== Segment start ==

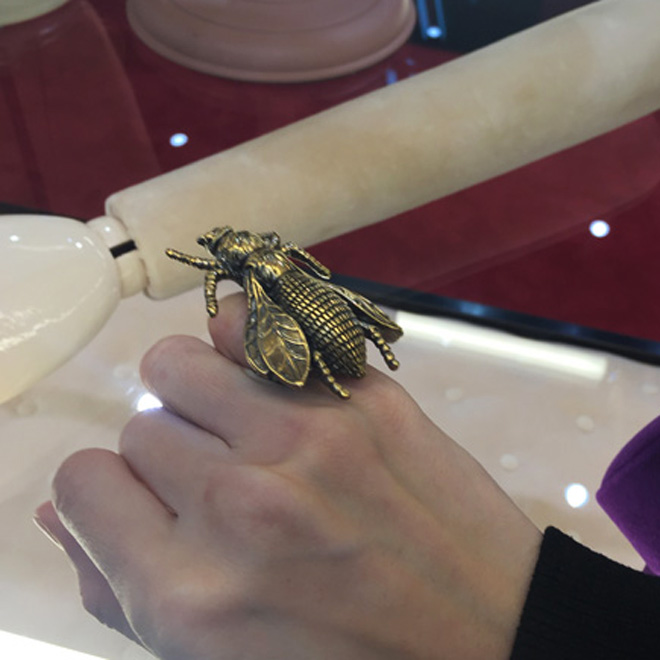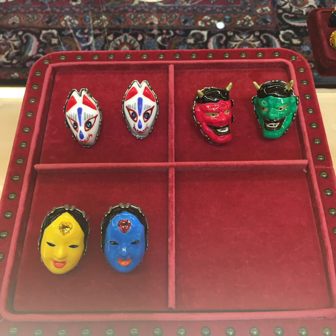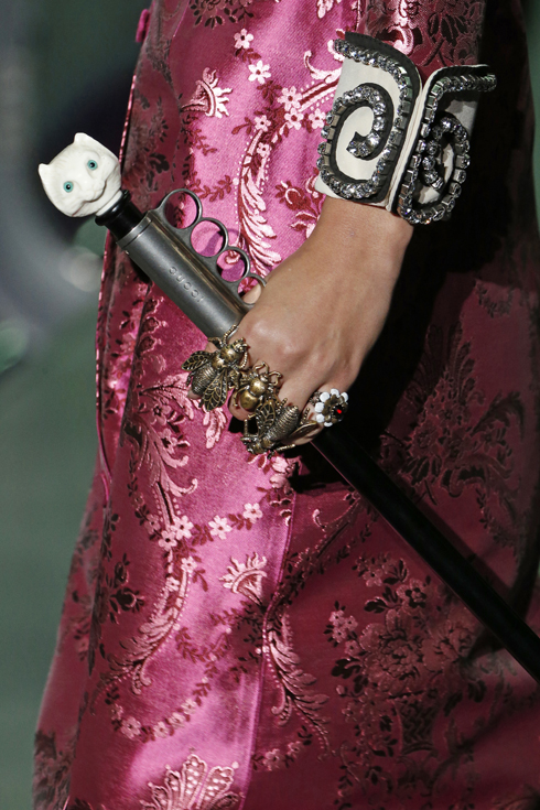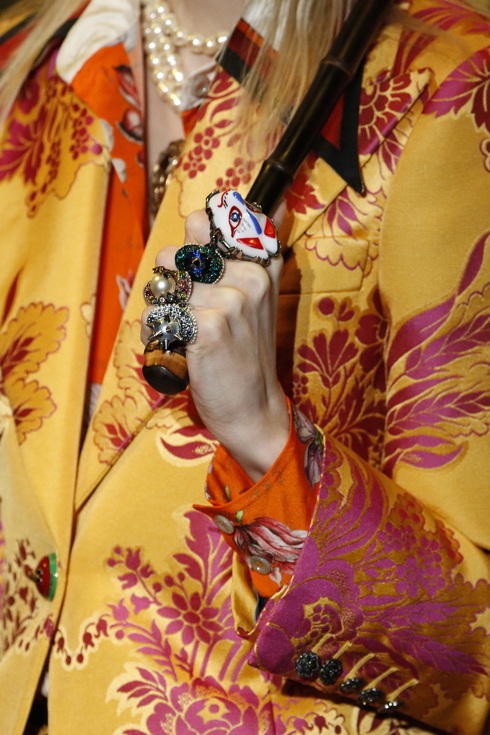 アクセサリーも見所がいっぱい。ミケーレ本人の手元を見ても、いつもほとんど全ての指にリングがはめられているが(時には1本の指に2個以上)、ショーのモデルたちも同じようにスタイリング。今季はアンティークな輝きの昆虫の指輪や、日本の能面から着想を得たと思われる鬼や白狐などユニークなリングもあり。
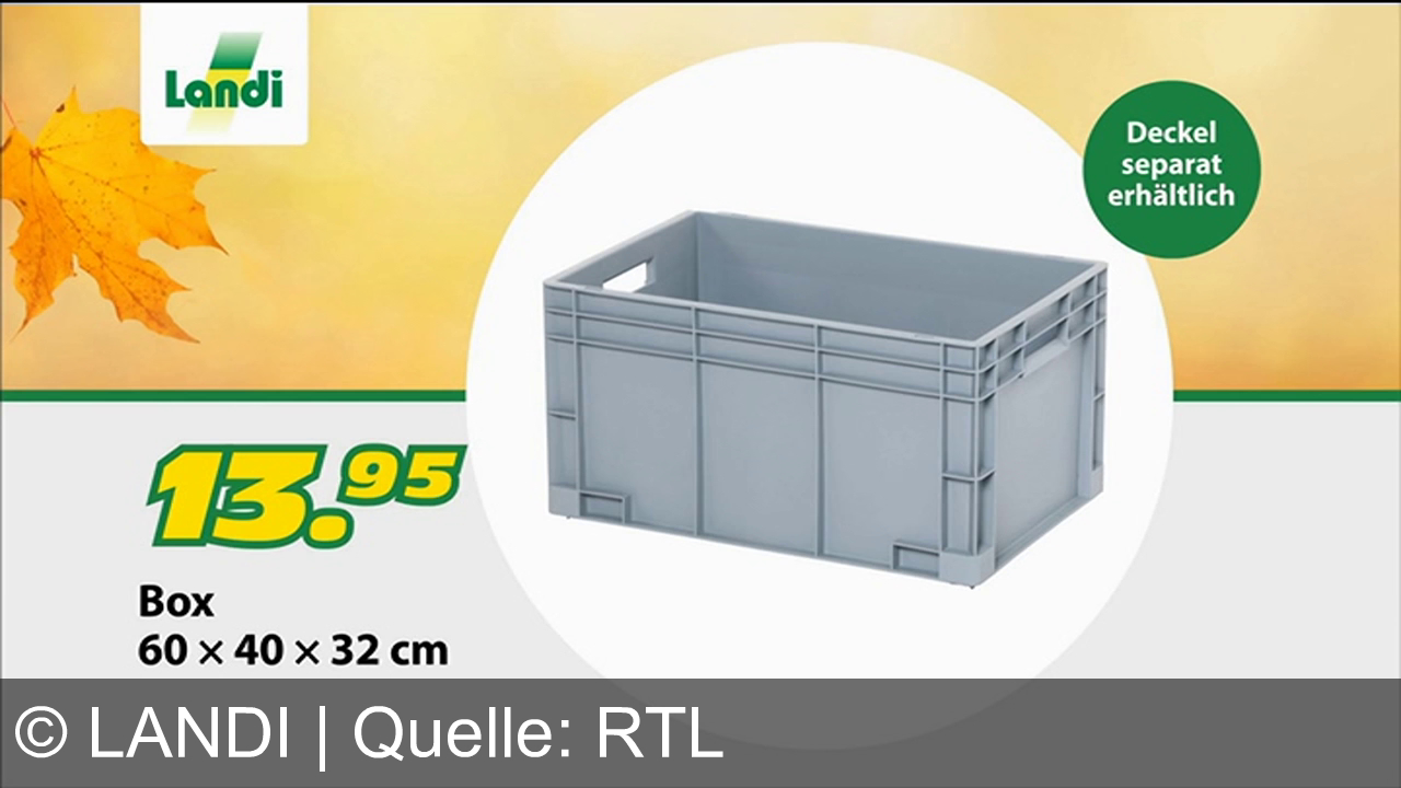Graue Box mit den Maßen 60 x 40 x 32 cm, Preis 13.95. Logo oben links in grün und weiß. Oranges Ahornblatt im Hintergrund. Grüner Kreis mit Text: "Deckel separat erhältlich."
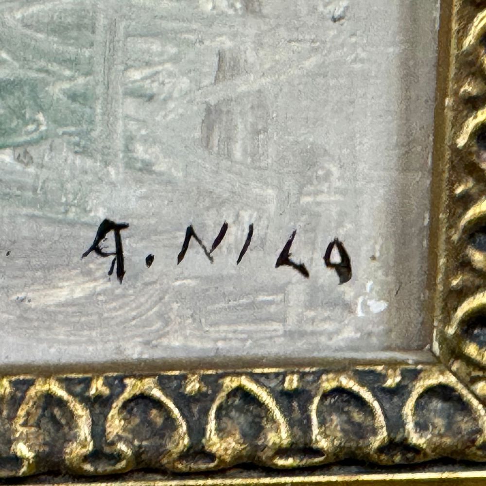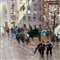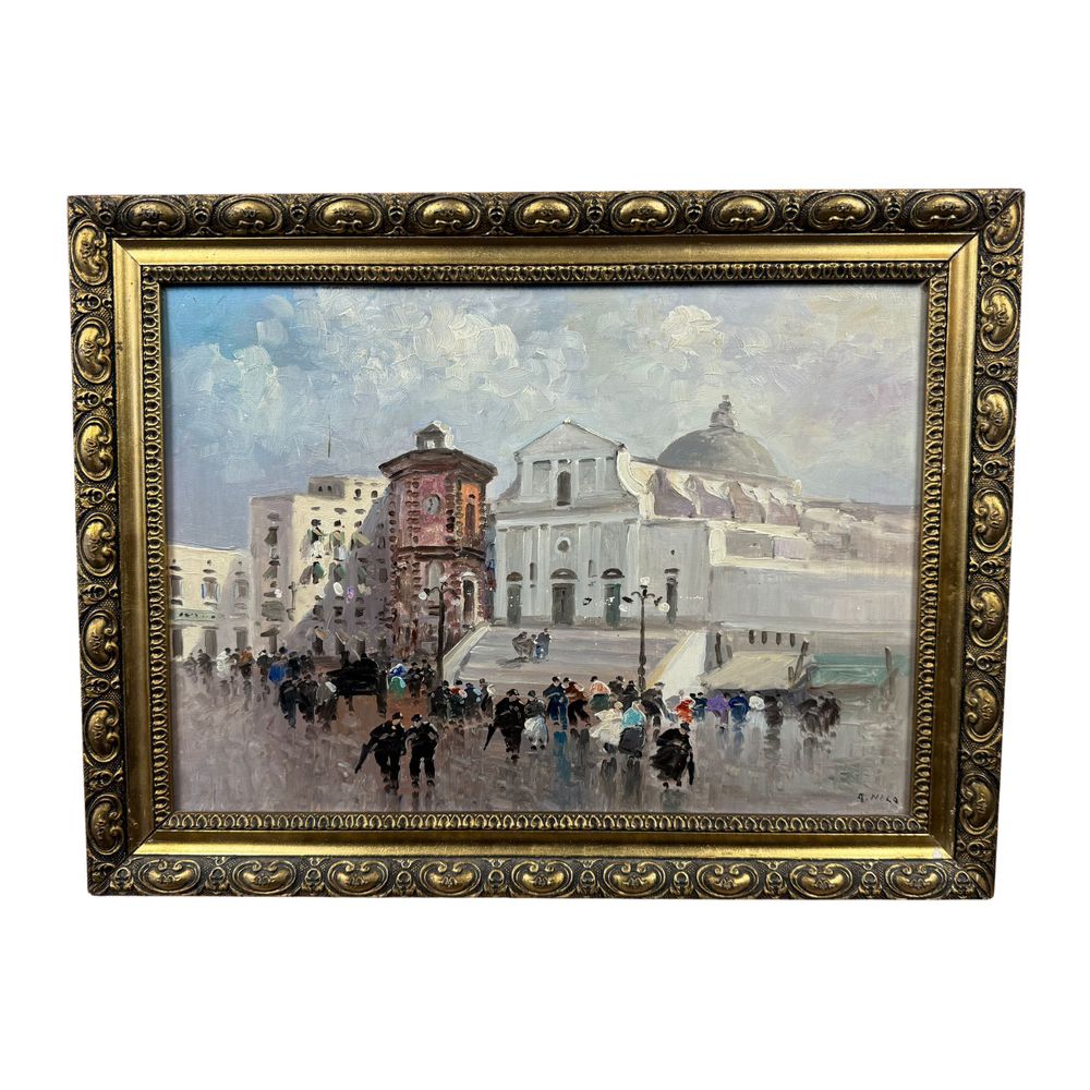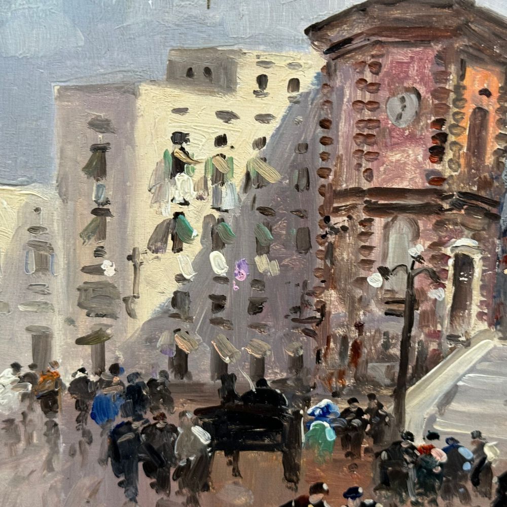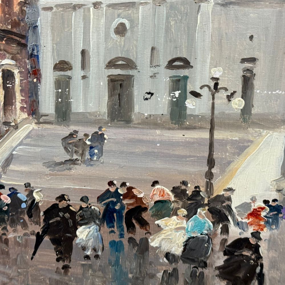 Dipinto olio su tavola, periodo XX secolo scuola Italiana, raffigurante Strada di città con personaggi (luogo imprecisato). Dimensioni interno cornice: 35x25 cm. Dimensioni compreso cornice: 42x32 cm. Reca firma in basso a destra da artista non identificato. Opera in buone condizioni.
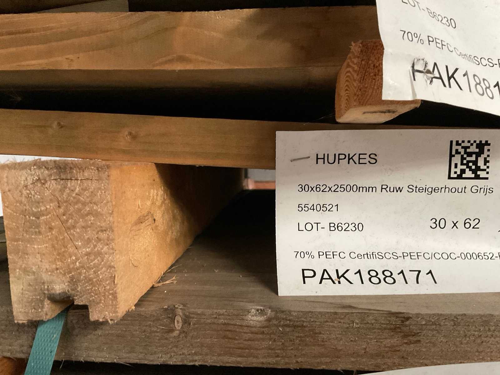 Partij Vuren geïmpregneerde balken 250x3x6 cm (40x). Zie de foto's voor details. Houtsoort: Vuren geimpregneerd Lengte: 250cm Kopmaat: 30x60mm Gewicht: 1kg
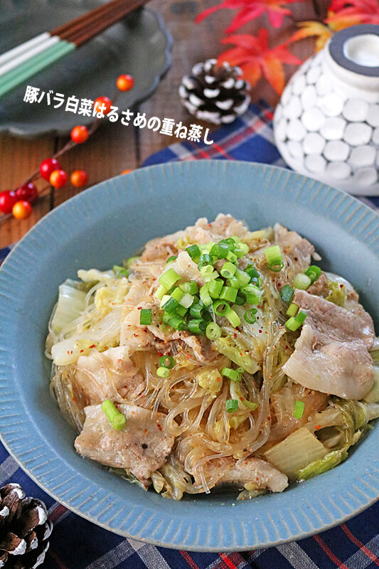 材料重ねて10分放置で簡単!豚バラ白菜とはるさめの重ね煮♪ 2021年10月28日 こんばんは~!!今日は定番美味しい・・白菜たっぷりレシピ~!!白菜1/4個ペロリ!豚バラ白菜とはるさめの重ね煮材料重ねて10分ほったらかし♪なので簡単!乾燥春雨は戻さずにそのまま加えて、白菜の水分で戻すのでべっちゃりせず、つるんとのど越しが良いです。豚バラの ...
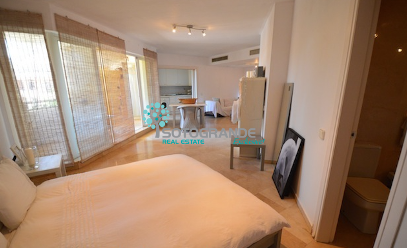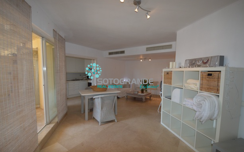 The studio apartment has a living area of around 57 m2 with doors to the outside covered terrace of 17 m2, and lovely views onto the Sotogrande Marina and the Mediterranean Sea.
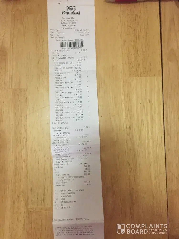 Approximately a month later, things got worse, I returned the vehicle to the same pepboys (chino, ca) where Don, the manager was very contrary and disobliging; explaining that my dates of repair were wrong and that regardless of what the estimate done on April 21, 2018, it did not matter and it was not pepboys problem.
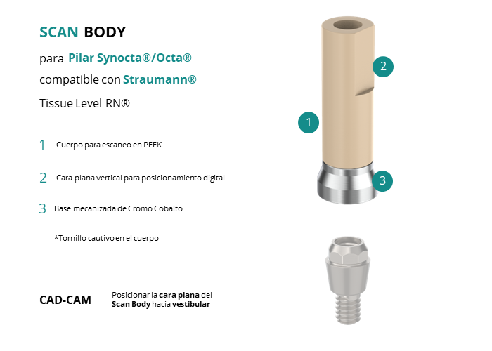 Scan Body para Pilar Synocta®/Octa® compatible con Straumann® Tissue Level RN®
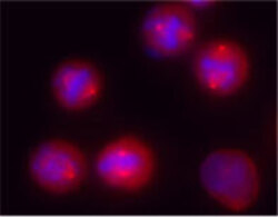 - Overnight nocodazole treated Hela cells stained with purified rabbit polyclonal antibody against -tubulin, followed by Rhodamine Red-X conjugated goat anti-rabbit IgG and DAPI.
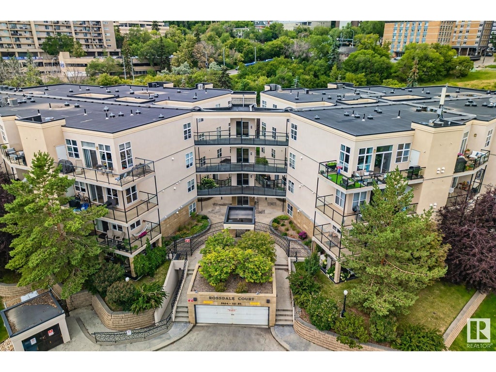 Stunning top floor corner unit in Rossdale Court with panoramic River Valley and downtown views. This 2 bed, 2 bath home is flooded with natural light thanks to 10’ ceilings, floor-to-ceiling windows, and an open-concept layout. Extensive upgrades include hand-scraped hickory hardwood flooring, a custom kitchen with granite counters and induction cooktop, plus a newer furnace, hot water tank, and air conditioning unit. The spacious primary suite features a walk-in closet and full ensuite. Enjoy morning coffee or evening wine on the wraparound east/south-facing balcony with exceptional privacy and sun exposure. Located on a quiet street just steps to the downtown core and River Valley trails. Comes with underground parking, storage, and a proactive condo board with a healthy reserve fund. Truly one of the best locations and layouts available—this is elevated city living at its finest. (id:6289)
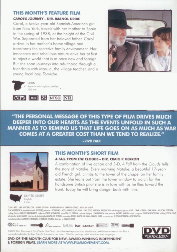 Carol, a twelve-year-old Spanish-American girl from New York, travels with her mother to Spain in the spring of 1938, at the height of the Civil War. Separated from her beloved father, Carol arrives in her mother's home village and transforms the secretive family environment. Her innocence and rebellious nature drive her at first to reject a world that is at once new and foreign. But she soon journeys into adulthood through a friendship with Maruja, the village teacher, and a young local boy, Tomiche.

== Segment end ==

▸ **Activity**
Without the pictures, extract every entry verbatim.

▸ **Answer to this problem**
 アクセサリーも見所がいっぱい。ミケーレ本人の手元を見ても、いつもほとんど全ての指にリングがはめられているが(時には1本の指に2個以上)、ショーのモデルたちも同じようにスタイリング。今季はアンティークな輝きの昆虫の指輪や、日本の能面から着想を得たと思われる鬼や白狐などユニークなリングもあり。
Graue Box mit den Maßen 60 x 40 x 32 cm, Preis 13.95. Logo oben links in grün und weiß. Oranges Ahornblatt im Hintergrund. Grüner Kreis mit Text: "Deckel separat erhältlich."
 Dipinto olio su tavola, periodo XX secolo scuola Italiana, raffigurante Strada di città con personaggi (luogo imprecisato). Dimensioni interno cornice: 35x25 cm. Dimensioni compreso cornice: 42x32 cm. Reca firma in basso a destra da artista non identificato. Opera in buone condizioni.
 Partij Vuren geïmpregneerde balken 250x3x6 cm (40x). Zie de foto's voor details. Houtsoort: Vuren geimpregneerd Lengte: 250cm Kopmaat: 30x60mm Gewicht: 1kg
 材料重ねて10分放置で簡単!豚バラ白菜とはるさめの重ね煮♪ 2021年10月28日 こんばんは~!!今日は定番美味しい・・白菜たっぷりレシピ~!!白菜1/4個ペロリ!豚バラ白菜とはるさめの重ね煮材料重ねて10分ほったらかし♪なので簡単!乾燥春雨は戻さずにそのまま加えて、白菜の水分で戻すのでべっちゃりせず、つるんとのど越しが良いです。豚バラの ...
 The studio apartment has a living area of around 57 m2 with doors to the outside covered terrace of 17 m2, and lovely views onto the Sotogrande Marina and the Mediterranean Sea.
 Approximately a month later, things got worse, I returned the vehicle to the same pepboys (chino, ca) where Don, the manager was very contrary and disobliging; explaining that my dates of repair were wrong and that regardless of what the estimate done on April 21, 2018, it did not matter and it was not pepboys problem.
 Scan Body para Pilar Synocta®/Octa® compatible con Straumann® Tissue Level RN®
 - Overnight nocodazole treated Hela cells stained with purified rabbit polyclonal antibody against -tubulin, followed by Rhodamine Red-X conjugated goat anti-rabbit IgG and DAPI.
 Stunning top floor corner unit in Rossdale Court with panoramic River Valley and downtown views. This 2 bed, 2 bath home is flooded with natural light thanks to 10’ ceilings, floor-to-ceiling windows, and an open-concept layout. Extensive upgrades include hand-scraped hickory hardwood flooring, a custom kitchen with granite counters and induction cooktop, plus a newer furnace, hot water tank, and air conditioning unit. The spacious primary suite features a walk-in closet and full ensuite. Enjoy morning coffee or evening wine on the wraparound east/south-facing balcony with exceptional privacy and sun exposure. Located on a quiet street just steps to the downtown core and River Valley trails. Comes with underground parking, storage, and a proactive condo board with a healthy reserve fund. Truly one of the best locations and layouts available—this is elevated city living at its finest. (id:6289)
 Carol, a twelve-year-old Spanish-American girl from New York, travels with her mother to Spain in the spring of 1938, at the height of the Civil War. Separated from her beloved father, Carol arrives in her mother's home village and transforms the secretive family environment. Her innocence and rebellious nature drive her at first to reject a world that is at once new and foreign. But she soon journeys into adulthood through a friendship with Maruja, the village teacher, and a young local boy, Tomiche.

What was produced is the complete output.